Recorded data:
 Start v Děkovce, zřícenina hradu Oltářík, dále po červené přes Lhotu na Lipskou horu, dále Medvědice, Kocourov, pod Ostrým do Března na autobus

* * *

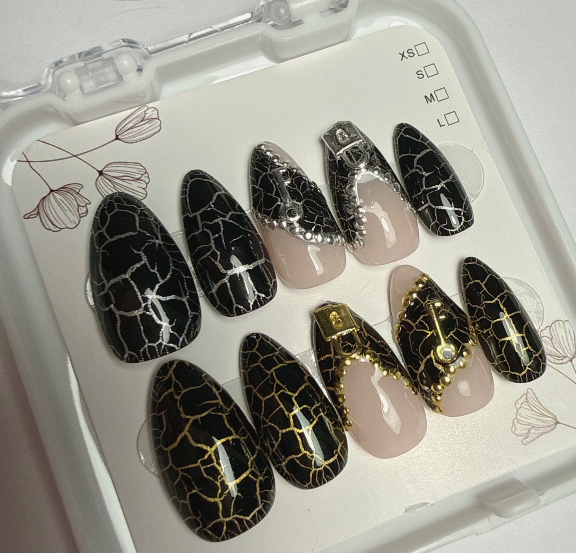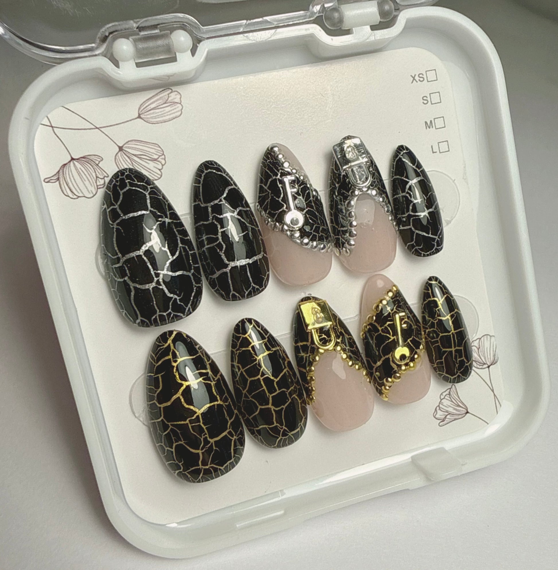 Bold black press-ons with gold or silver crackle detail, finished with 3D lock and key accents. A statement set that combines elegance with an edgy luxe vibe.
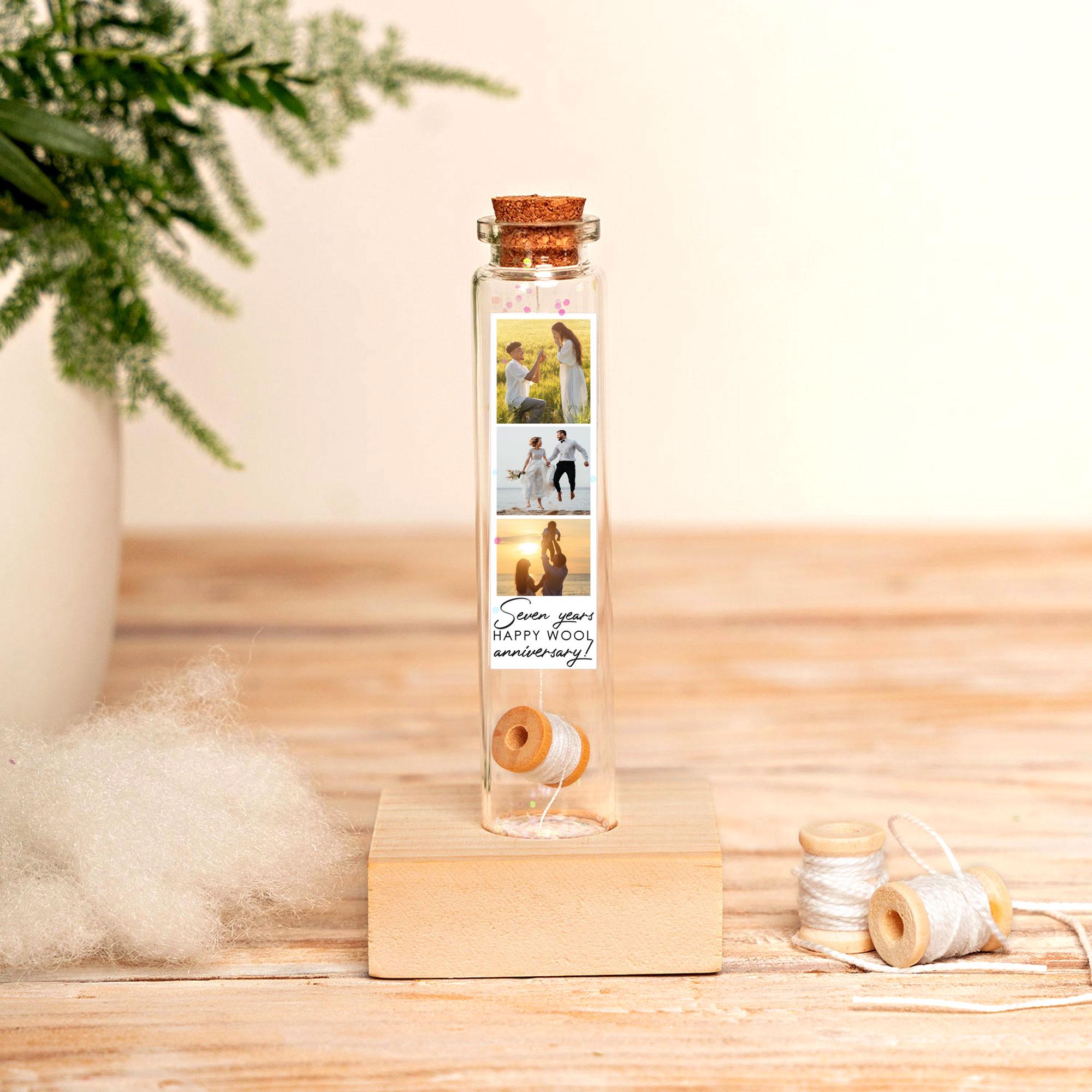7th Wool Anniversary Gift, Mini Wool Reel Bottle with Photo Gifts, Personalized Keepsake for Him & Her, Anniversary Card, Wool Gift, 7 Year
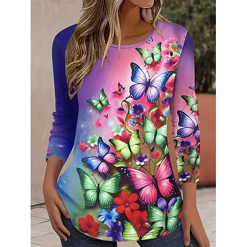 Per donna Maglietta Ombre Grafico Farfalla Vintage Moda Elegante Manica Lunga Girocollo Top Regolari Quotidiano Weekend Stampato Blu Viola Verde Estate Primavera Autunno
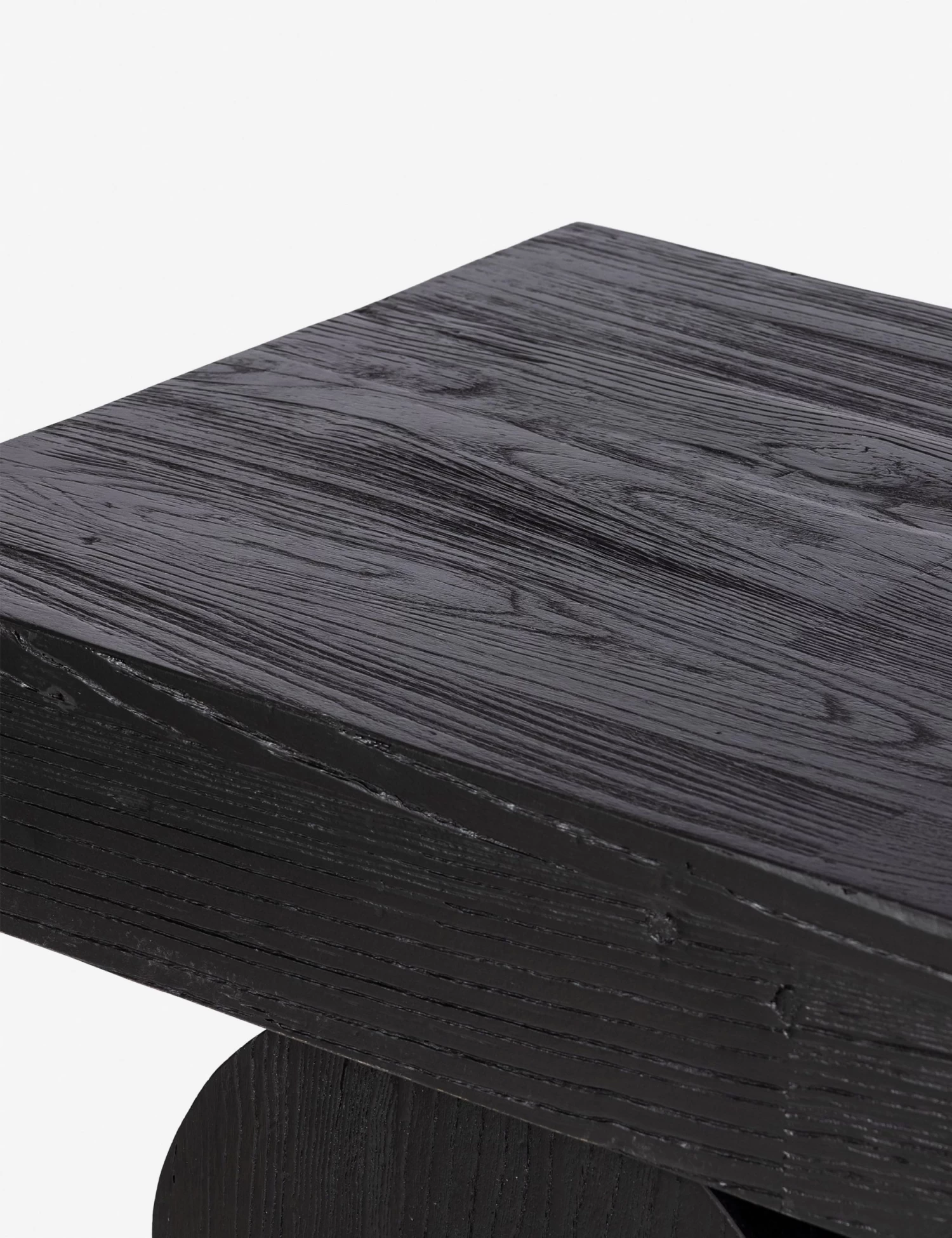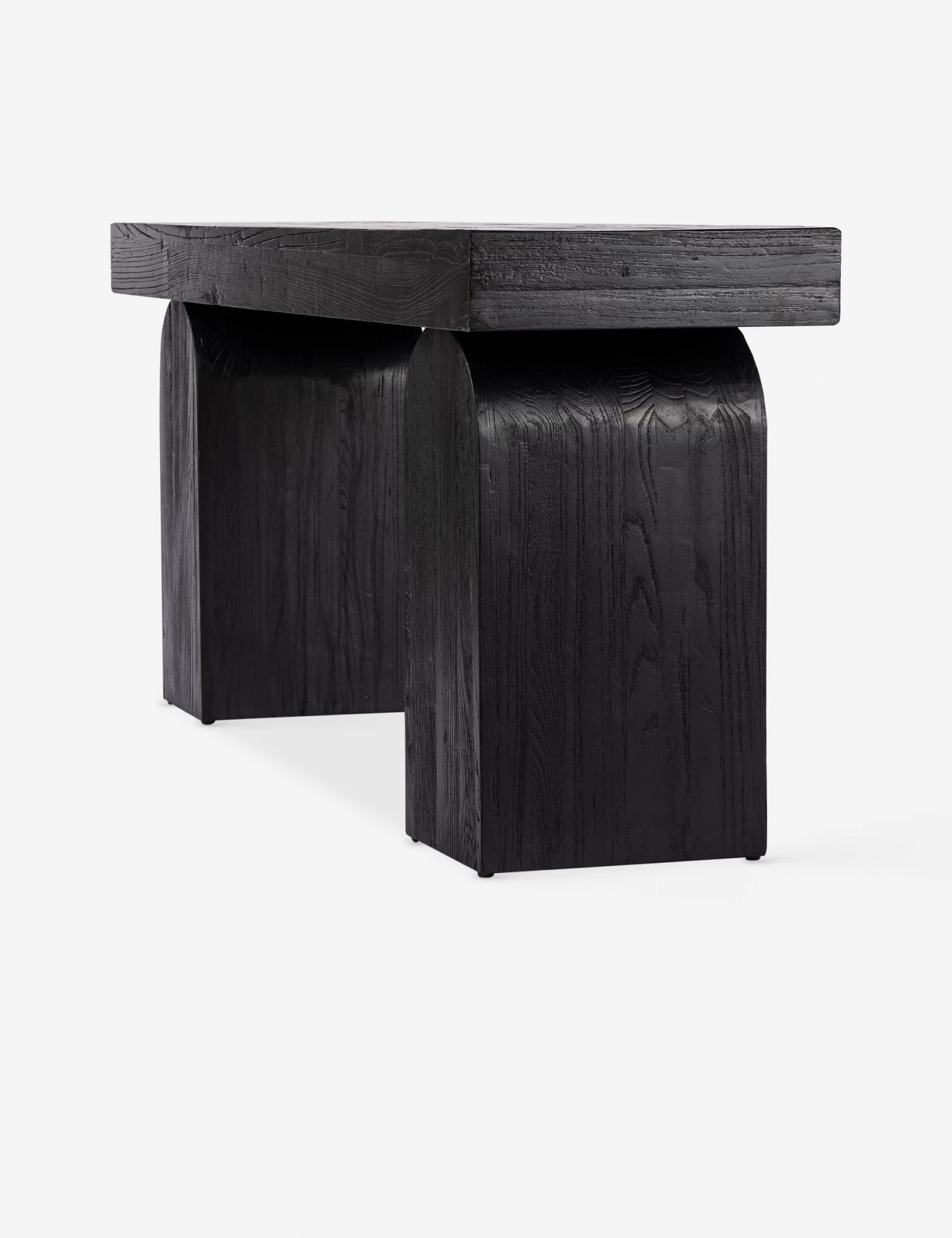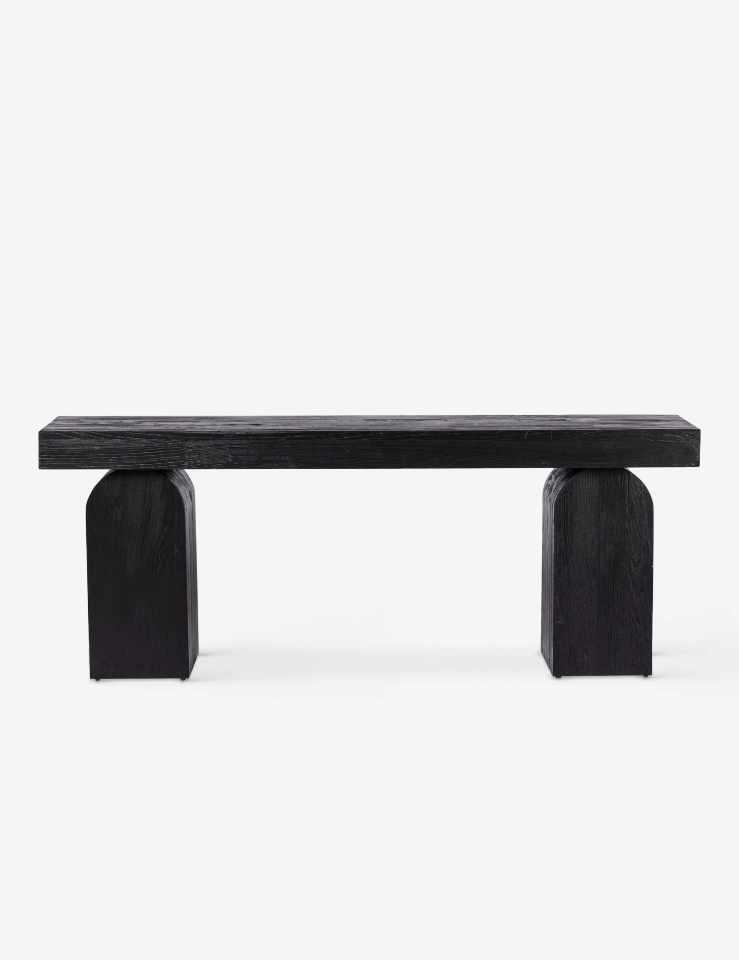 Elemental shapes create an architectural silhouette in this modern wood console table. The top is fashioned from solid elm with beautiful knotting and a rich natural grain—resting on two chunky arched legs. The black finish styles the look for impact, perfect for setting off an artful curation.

Your instructions: Excluding any pictures, print exactly the lines of the listing above from the line with "7th Wool Anniversary" to the line with "Elemental shapes create", both ends included.

Answer space:
7th Wool Anniversary Gift, Mini Wool Reel Bottle with Photo Gifts, Personalized Keepsake for Him & Her, Anniversary Card, Wool Gift, 7 Year
 Per donna Maglietta Ombre Grafico Farfalla Vintage Moda Elegante Manica Lunga Girocollo Top Regolari Quotidiano Weekend Stampato Blu Viola Verde Estate Primavera Autunno
 Elemental shapes create an architectural silhouette in this modern wood console table. The top is fashioned from solid elm with beautiful knotting and a rich natural grain—resting on two chunky arched legs. The black finish styles the look for impact, perfect for setting off an artful curation.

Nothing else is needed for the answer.